ACTIVITY »
Reproduce, exactly and only, the lines of the data that follows from the one containing "74050482 alte Postkarte" down to the one containing "2月26日,游人在長安唐村梅園內(nèi)賞梅(無人機照片)。新華社記者 劉瀟 攝", without pictures.

EXERCISE MATERIALS »

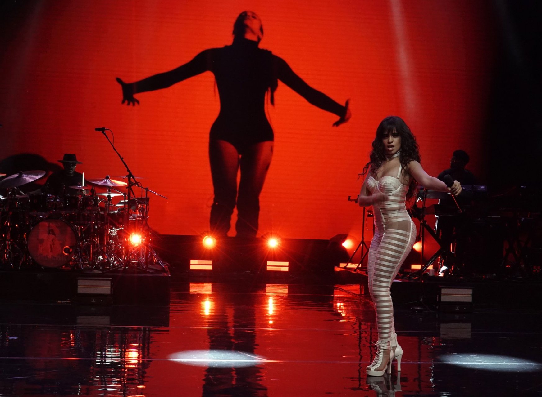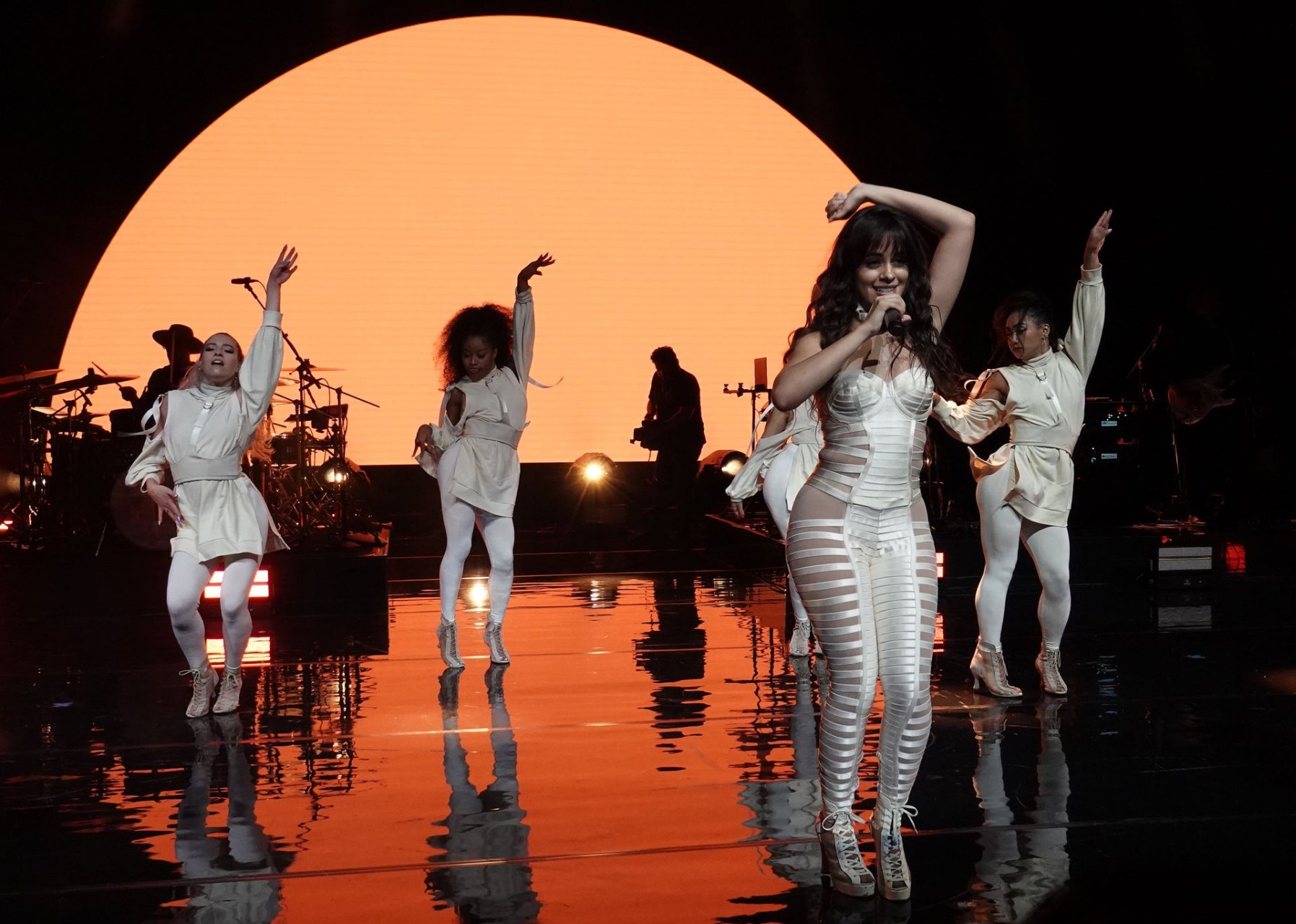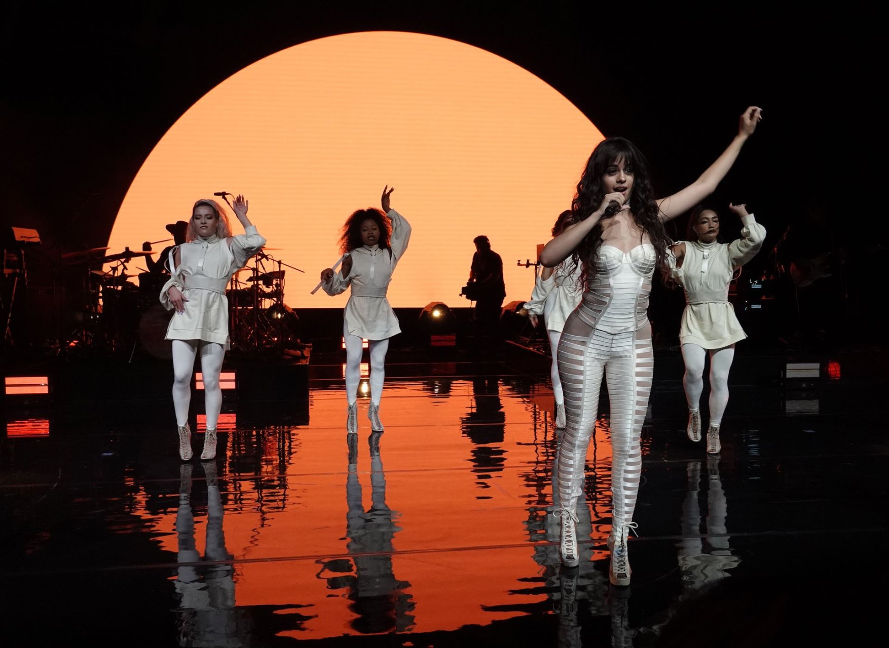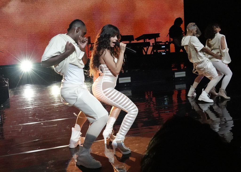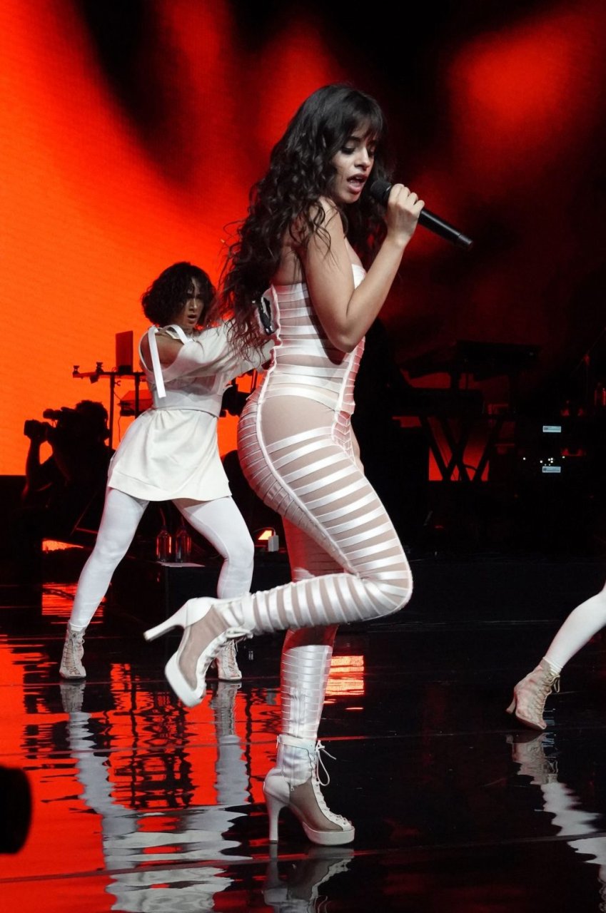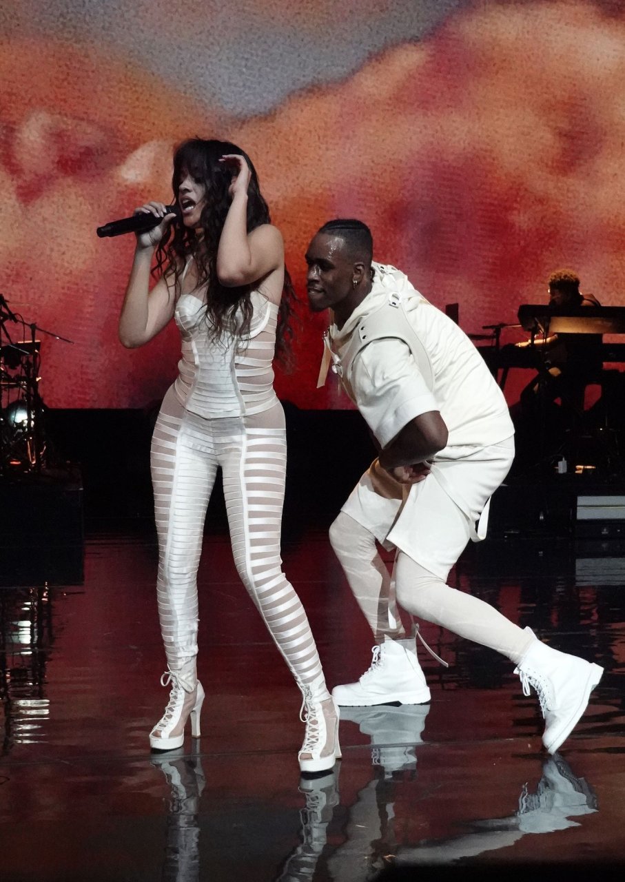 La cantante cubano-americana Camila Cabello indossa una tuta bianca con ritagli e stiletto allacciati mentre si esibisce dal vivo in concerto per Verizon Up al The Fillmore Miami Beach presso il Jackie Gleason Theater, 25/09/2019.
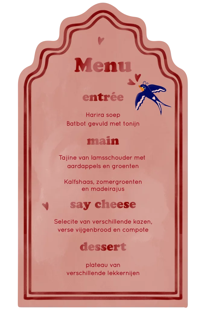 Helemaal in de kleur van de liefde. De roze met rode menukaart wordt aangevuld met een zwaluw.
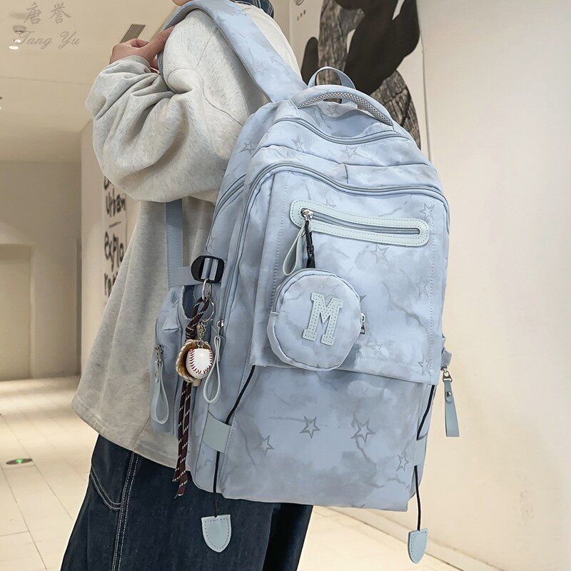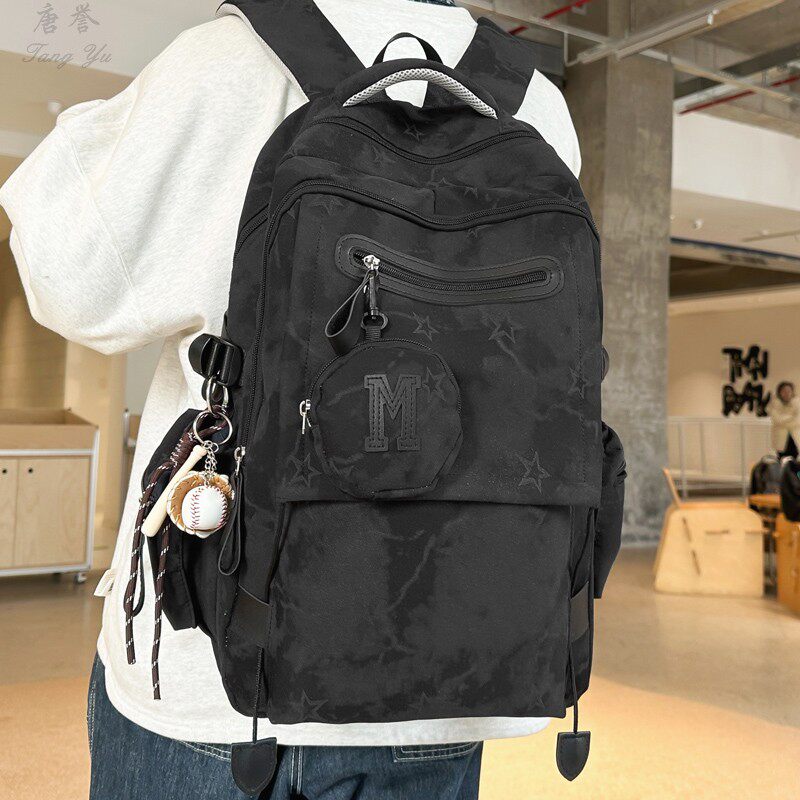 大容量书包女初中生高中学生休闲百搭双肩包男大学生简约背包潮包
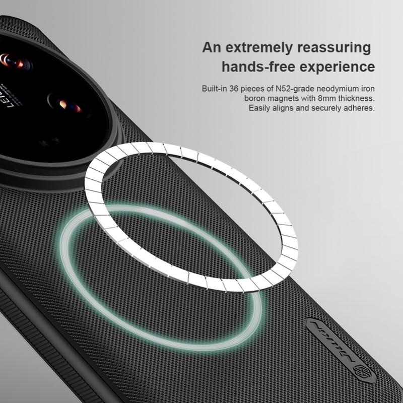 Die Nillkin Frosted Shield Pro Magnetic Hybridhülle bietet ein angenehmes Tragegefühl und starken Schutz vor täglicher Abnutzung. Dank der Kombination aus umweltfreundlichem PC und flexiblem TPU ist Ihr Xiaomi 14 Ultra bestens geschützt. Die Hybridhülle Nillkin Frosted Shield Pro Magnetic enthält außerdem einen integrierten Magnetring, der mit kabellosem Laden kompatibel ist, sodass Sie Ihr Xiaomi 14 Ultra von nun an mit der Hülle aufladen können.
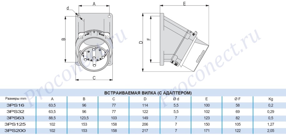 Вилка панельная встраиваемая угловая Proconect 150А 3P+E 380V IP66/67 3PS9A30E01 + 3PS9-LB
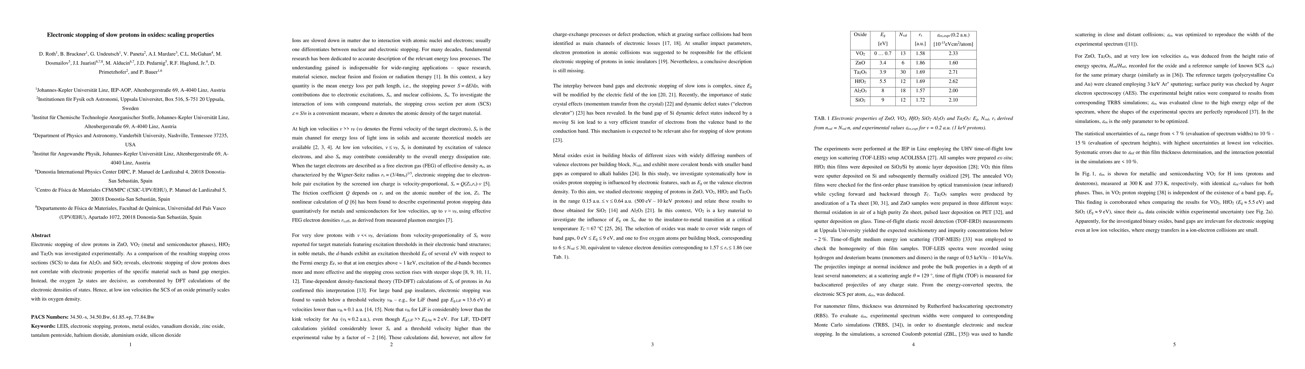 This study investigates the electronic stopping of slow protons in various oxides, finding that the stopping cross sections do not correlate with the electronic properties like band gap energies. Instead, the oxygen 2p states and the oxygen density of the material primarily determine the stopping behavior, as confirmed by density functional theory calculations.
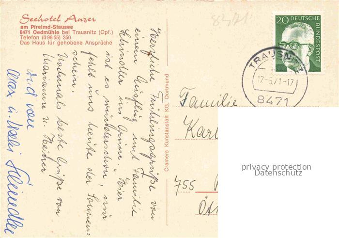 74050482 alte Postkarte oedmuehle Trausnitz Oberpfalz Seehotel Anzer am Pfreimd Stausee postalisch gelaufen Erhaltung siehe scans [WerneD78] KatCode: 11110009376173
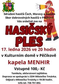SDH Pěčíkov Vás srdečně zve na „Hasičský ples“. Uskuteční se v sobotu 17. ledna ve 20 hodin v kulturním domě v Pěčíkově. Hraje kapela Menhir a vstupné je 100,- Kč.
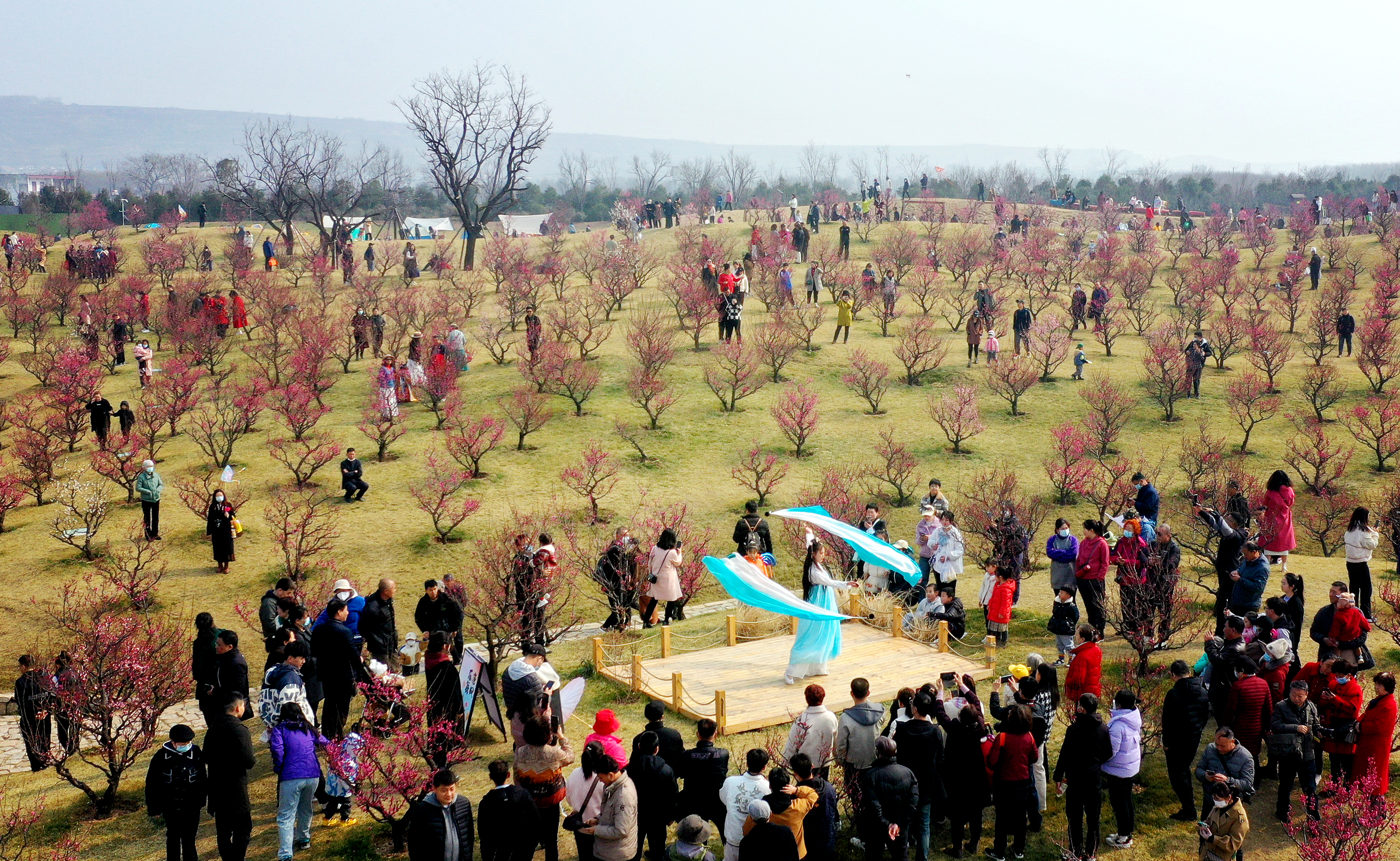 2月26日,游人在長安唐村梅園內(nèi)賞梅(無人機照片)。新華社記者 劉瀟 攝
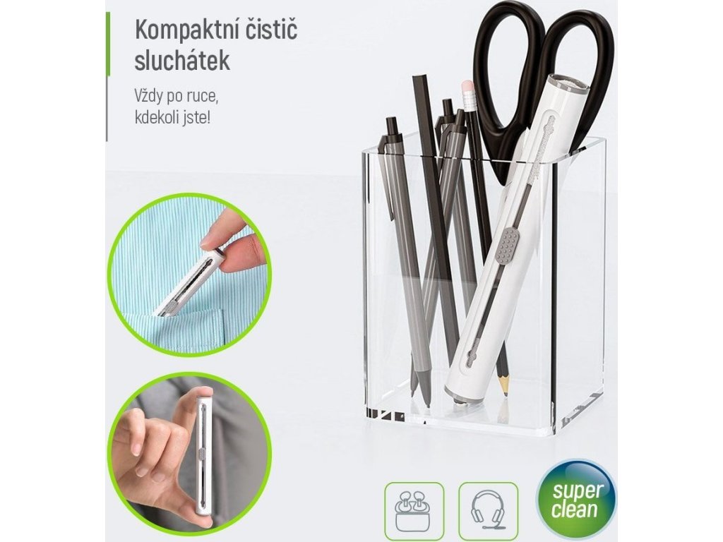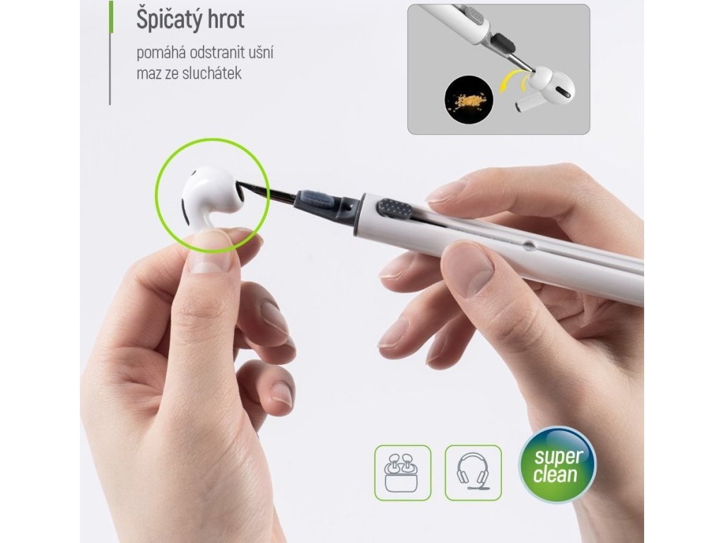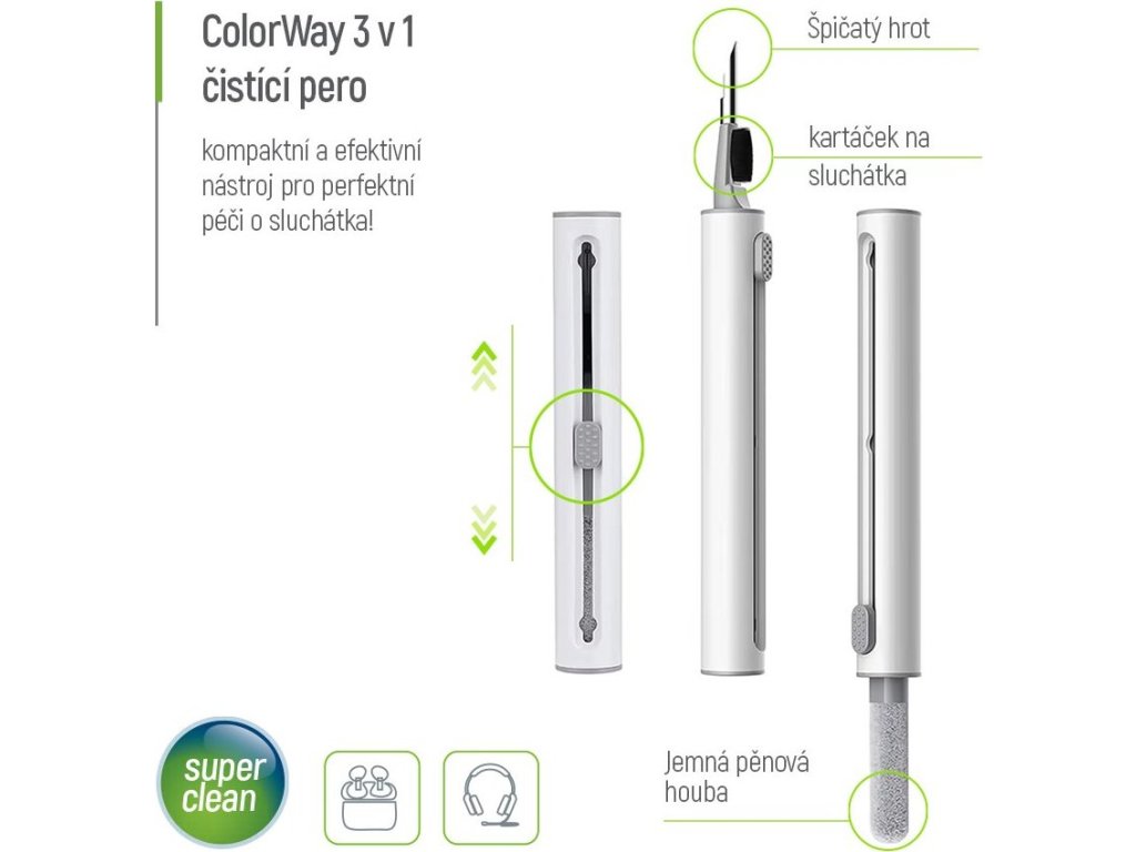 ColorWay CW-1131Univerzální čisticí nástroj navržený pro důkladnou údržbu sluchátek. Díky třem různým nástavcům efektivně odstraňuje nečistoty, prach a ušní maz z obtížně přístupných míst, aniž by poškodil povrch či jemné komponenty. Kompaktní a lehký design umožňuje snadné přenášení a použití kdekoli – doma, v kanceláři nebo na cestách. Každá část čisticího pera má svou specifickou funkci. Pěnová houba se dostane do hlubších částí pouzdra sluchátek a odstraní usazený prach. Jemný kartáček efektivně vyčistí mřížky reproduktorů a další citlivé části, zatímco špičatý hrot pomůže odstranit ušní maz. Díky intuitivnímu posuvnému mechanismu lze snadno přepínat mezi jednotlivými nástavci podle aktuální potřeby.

THE COMPLETED TASK »
 74050482 alte Postkarte oedmuehle Trausnitz Oberpfalz Seehotel Anzer am Pfreimd Stausee postalisch gelaufen Erhaltung siehe scans [WerneD78] KatCode: 11110009376173
SDH Pěčíkov Vás srdečně zve na „Hasičský ples“. Uskuteční se v sobotu 17. ledna ve 20 hodin v kulturním domě v Pěčíkově. Hraje kapela Menhir a vstupné je 100,- Kč.
 2月26日,游人在長安唐村梅園內(nèi)賞梅(無人機照片)。新華社記者 劉瀟 攝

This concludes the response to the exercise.